Although the Reserve Bank of Australia has maintained high interest rates over the years, it was not enough to prevent the decline in the housing market. The Reserve Bank has its own problems in dealing with the unpredictable commodity cycle and the impact it has on the country’s capital account and trade balance.
What Drives Forex Australia?
Economic variable such as interest rates often drive the trades made in this market. However, other economic factors should be taken into account to determine a more accurate price movement prediction. The speculative nature of the market often moves currencies, similar to the manner in which investor pessimism or optimism moves the stock market. This speculation and emotion often drives currency prices to below or above what the fundamental factors indicate.
Australia has several other factors that traders have to consider, beside the normal major economic releases and data. The country’s economy is very dependent on its commodities, metal and grains. This means that any reports on the weather, crop planting, harvesting, input from mining and metal prices have the power to move the Australian dollar. This data is quite easy to access as the Australian Bureau of Agricultural and Resource Economics and Sciences regularly issues free reports.

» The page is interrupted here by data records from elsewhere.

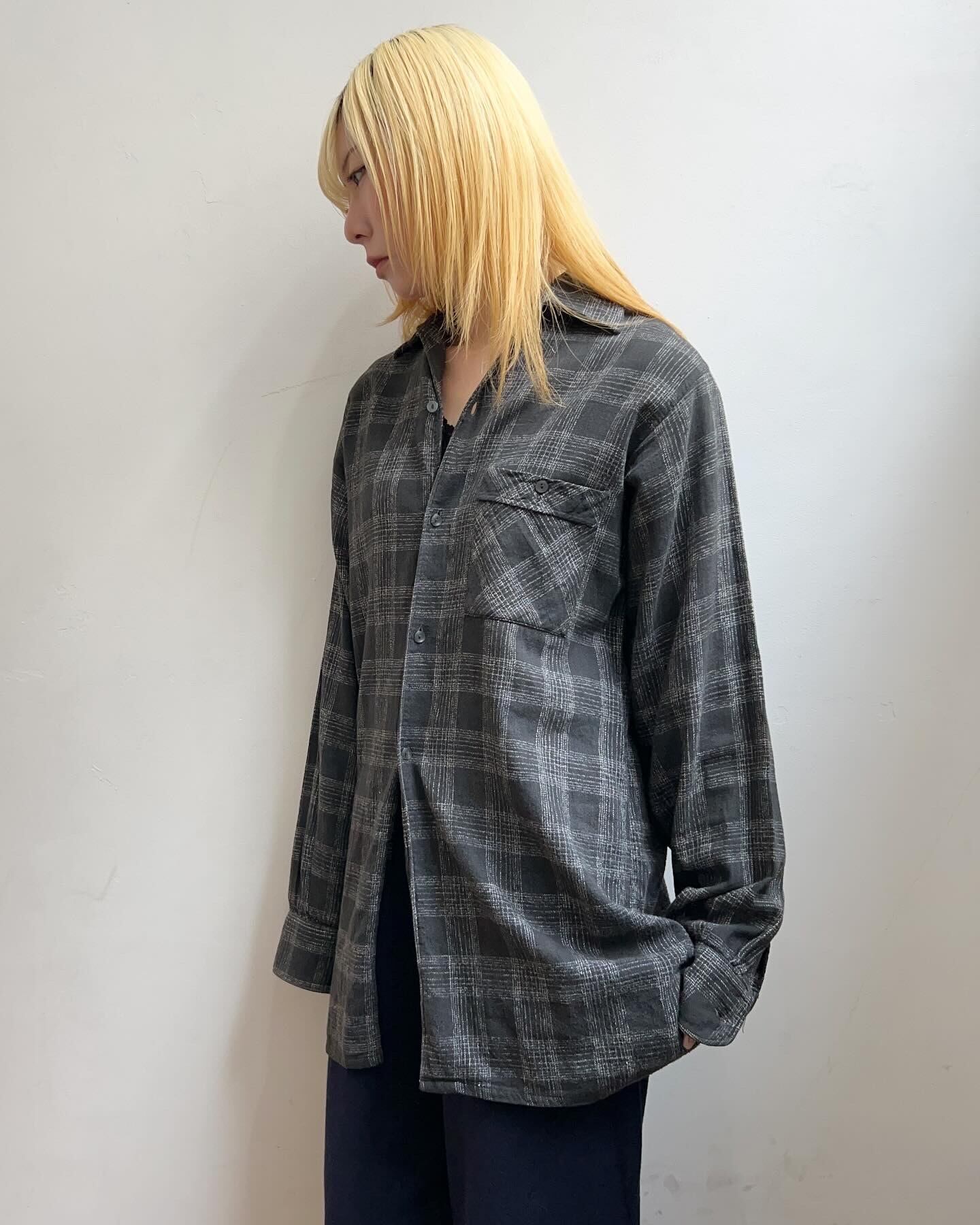 古めのチェックシャツ。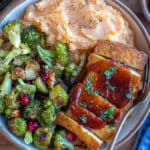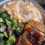 - They’re customizable – I do list specific ingredients in the recipe. Still, you can easily swap out the vegetables, add gravy to the tofu instead of BBQ sauce, or use regular potatoes in the mashed potato recipe, and leave out the sweet potatoes.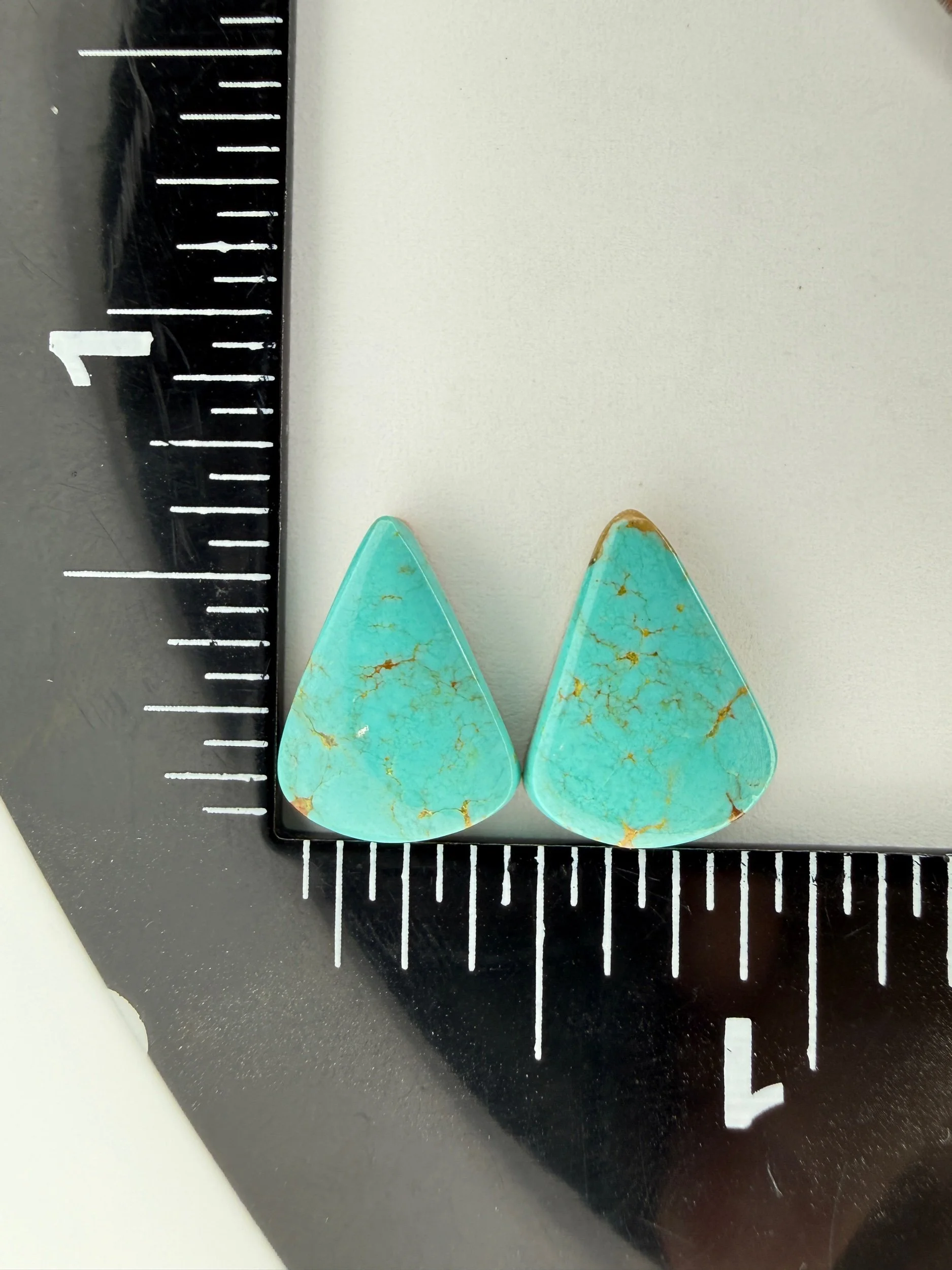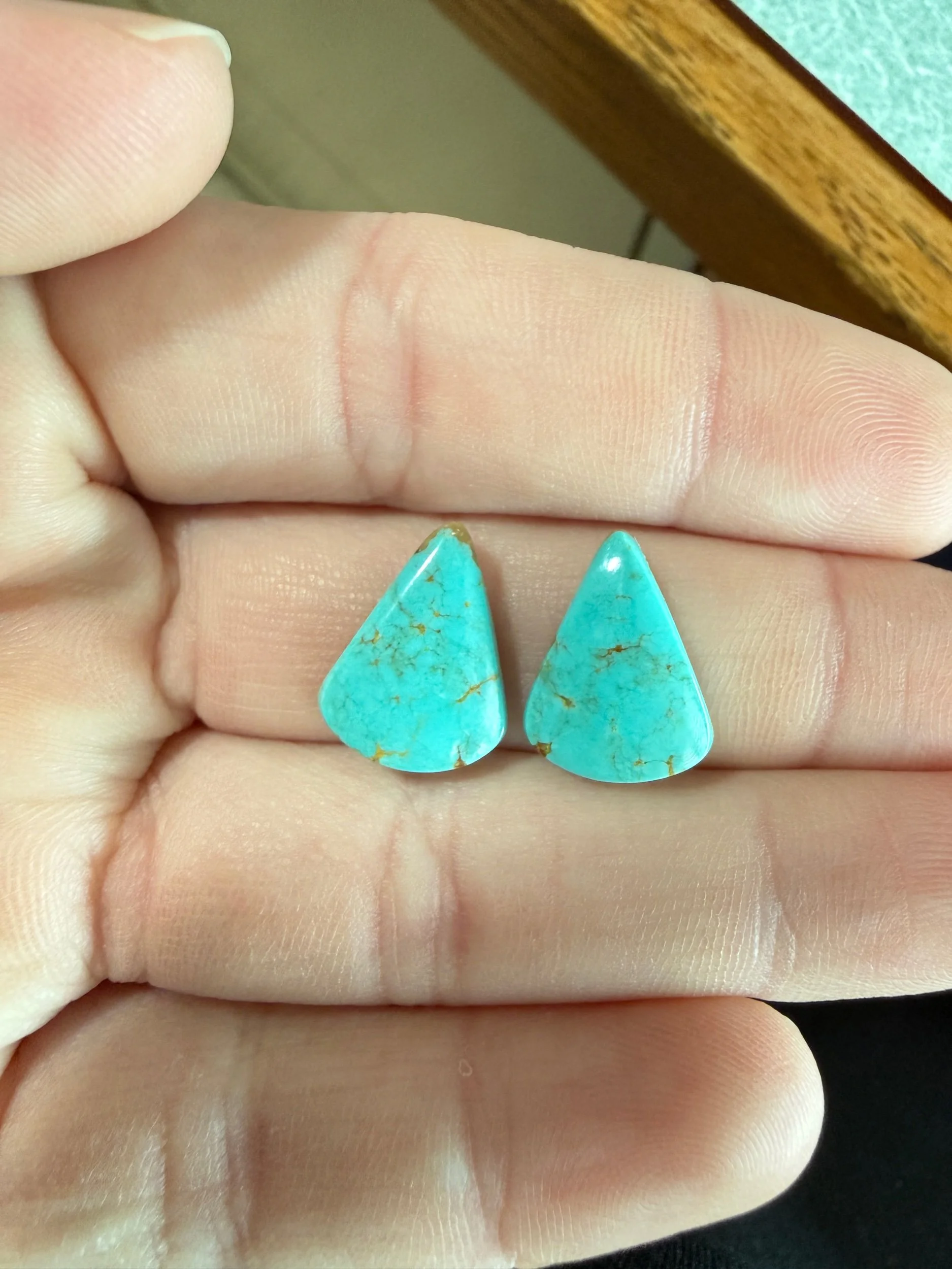 Shop › Chilean Turquoise TC#57 Image 1 of 3 Image 2 of 3 Image 3 of 3 Chilean Turquoise TC#57 $20.00 Stabilized Chilean turquoise cabochon pair. Backed with epoxy and ready to be set in jewelry. Weight 8 carats. Add To Cart Added! Stabilized Chilean turquoise cabochon pair. Backed with epoxy and ready to be set in jewelry. Weight 8 carats.
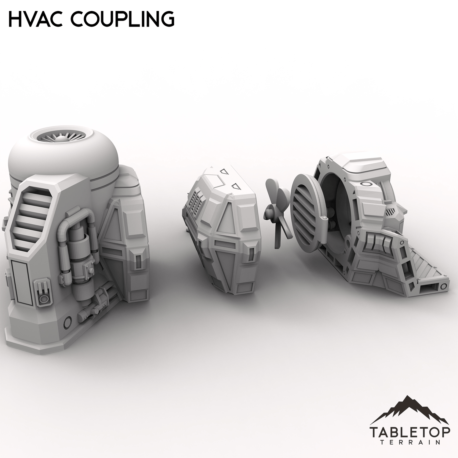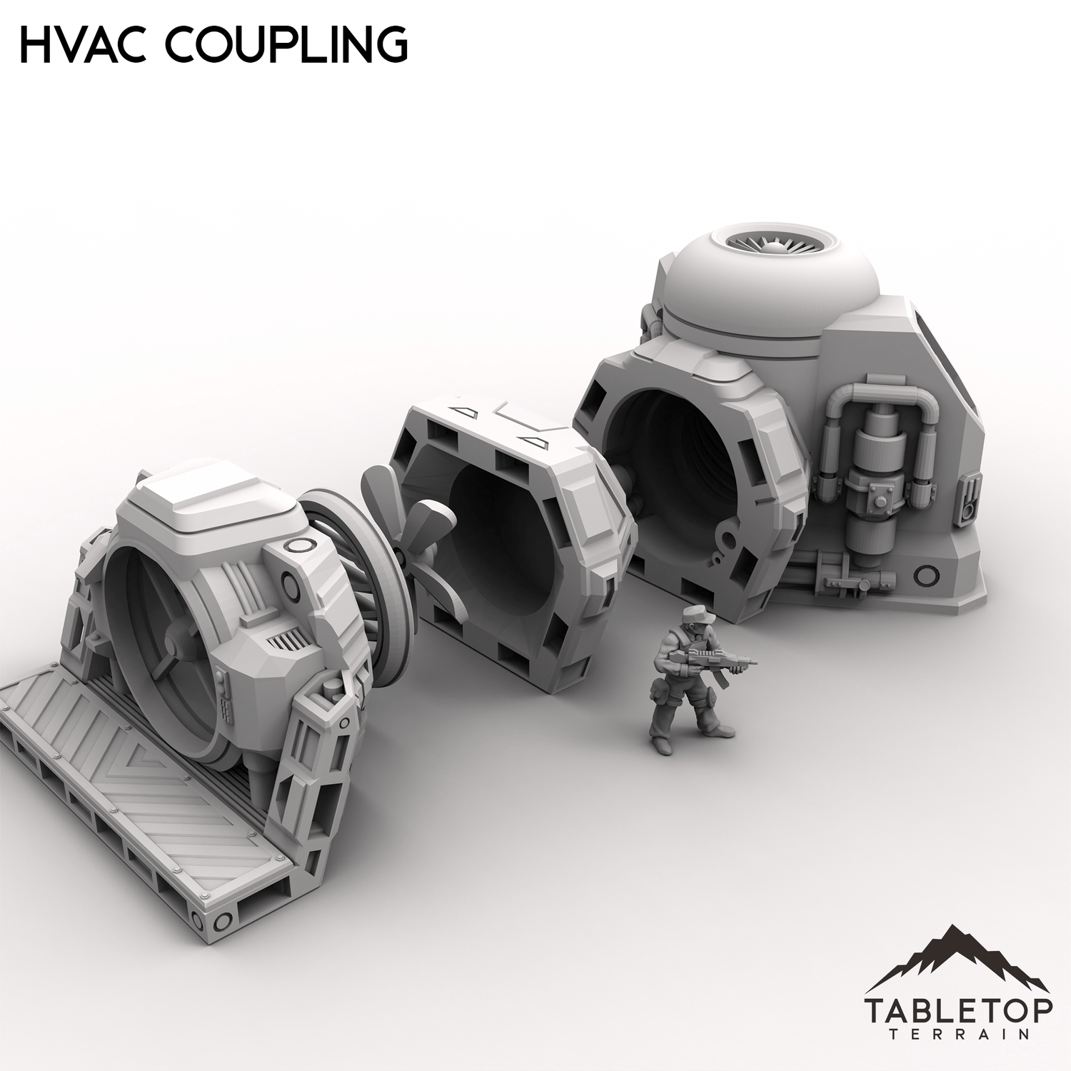1 HVAC Coupling set in 28/32mm scale. 4 pieces + included clips for assembly.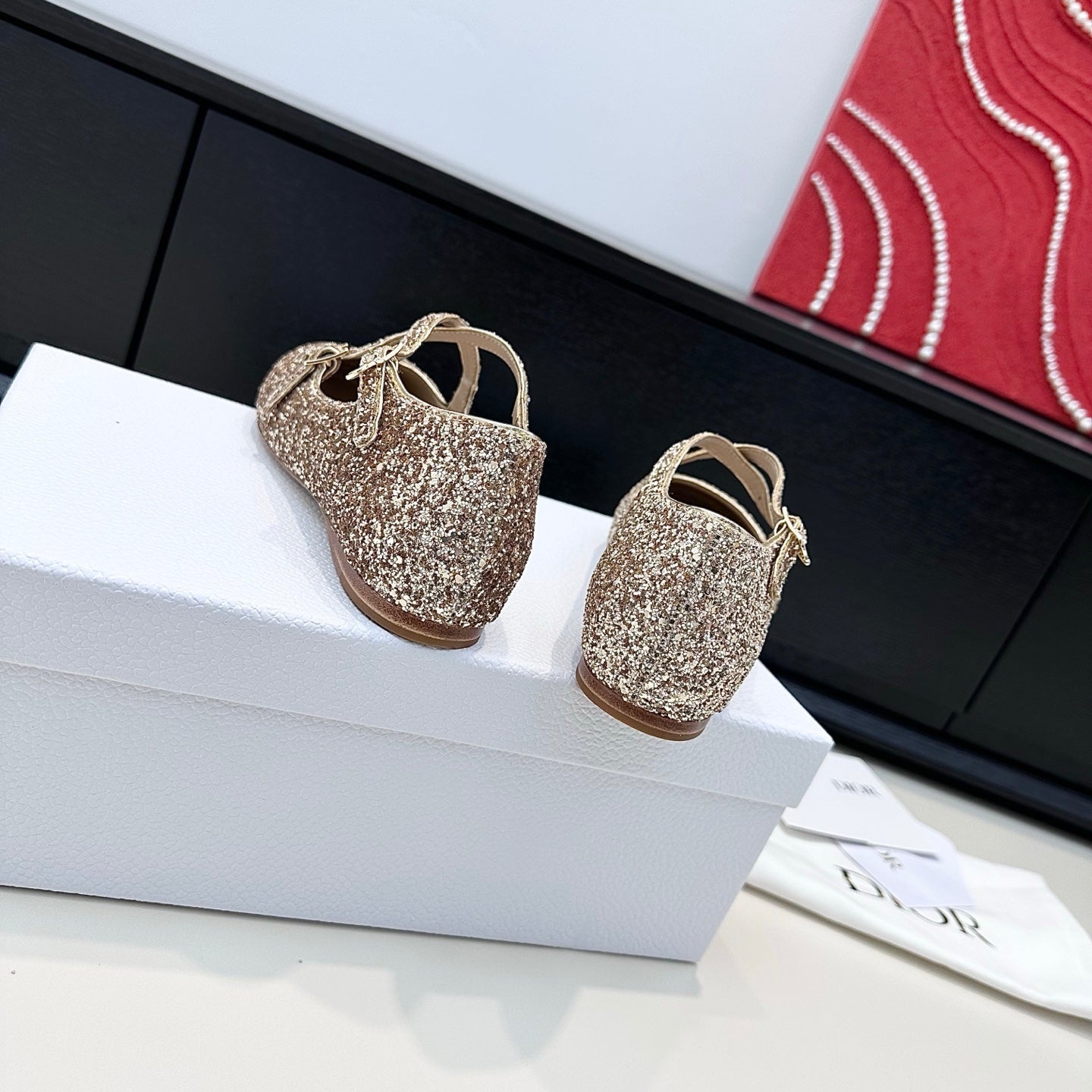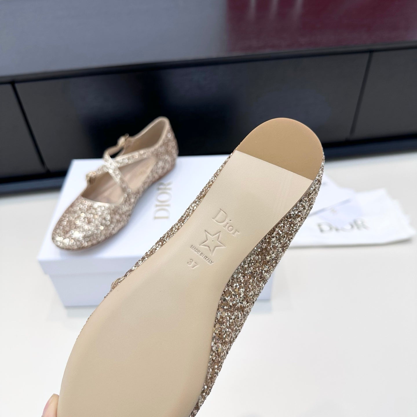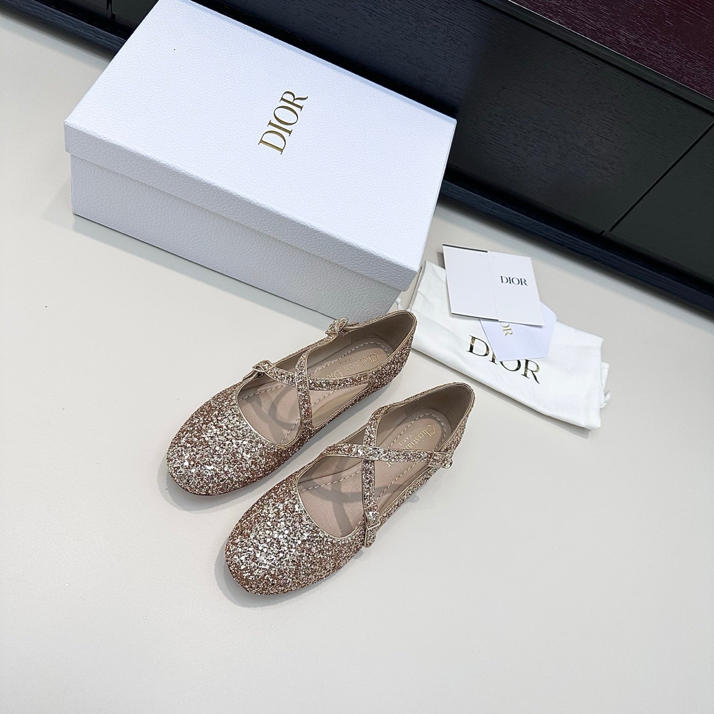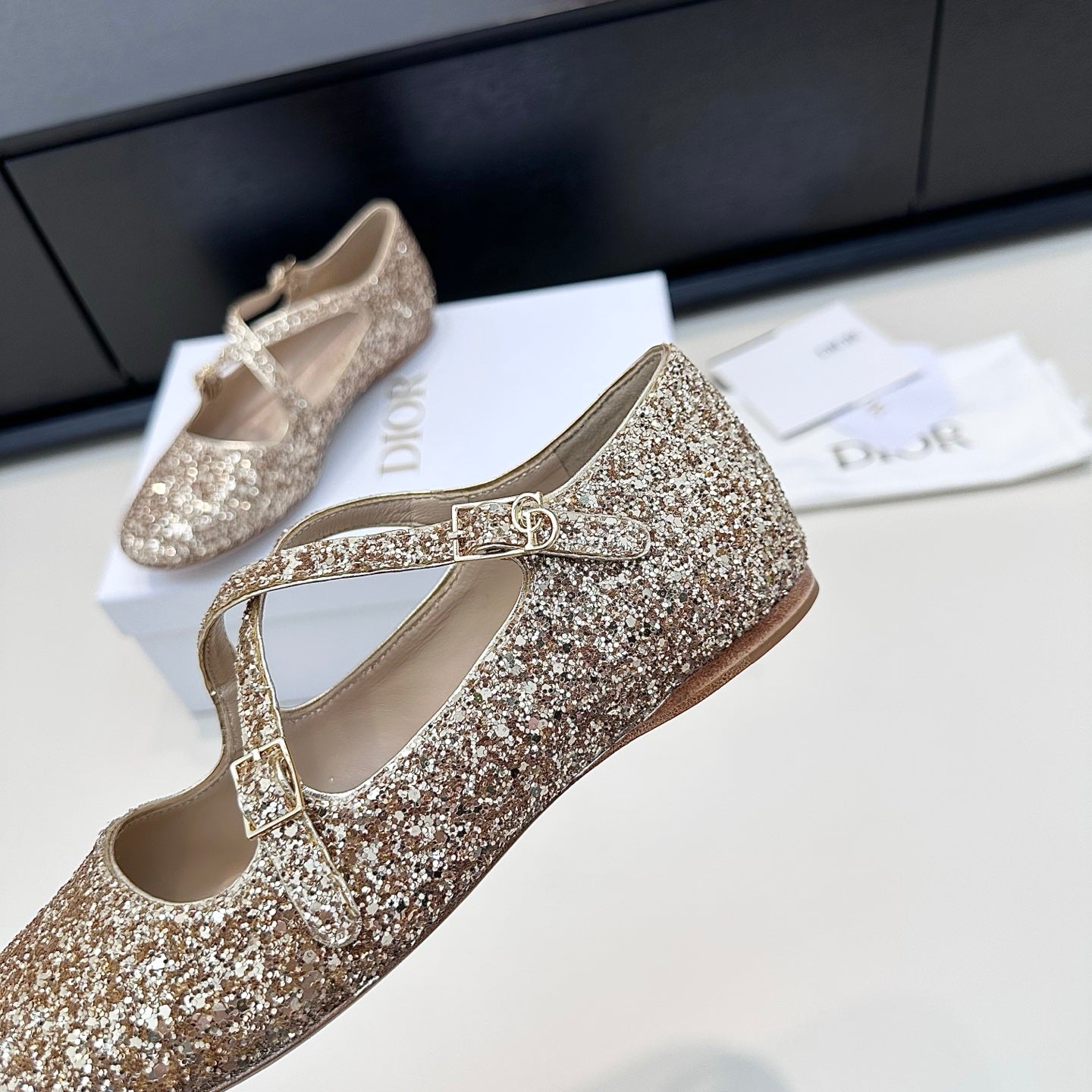 DIOR 26S BALLET FLAT IN GOLD LAMINATED LAMBSKIN AND GLITTER

In view of this, the dollar is very closely linked to the country’s exposure to Asia and its commodity cycle. The demand for natural resources from China and India, with a lower demand from Japan, has often been a factor in increasing the value of the Aussie dollar. The downside to this is the dollar often tends to decline as soon as the demand for commodity starts to decrease.
The control of inflation and interest rates is worsened by the heavy reliance of the country on commodities. The country also has an extremely small industrial base. It does not produce very much by way of manufacturing for export and most of its export trading is done with the Asian economies. The volatility of the commodities market places the Australia dollar in a precarious position.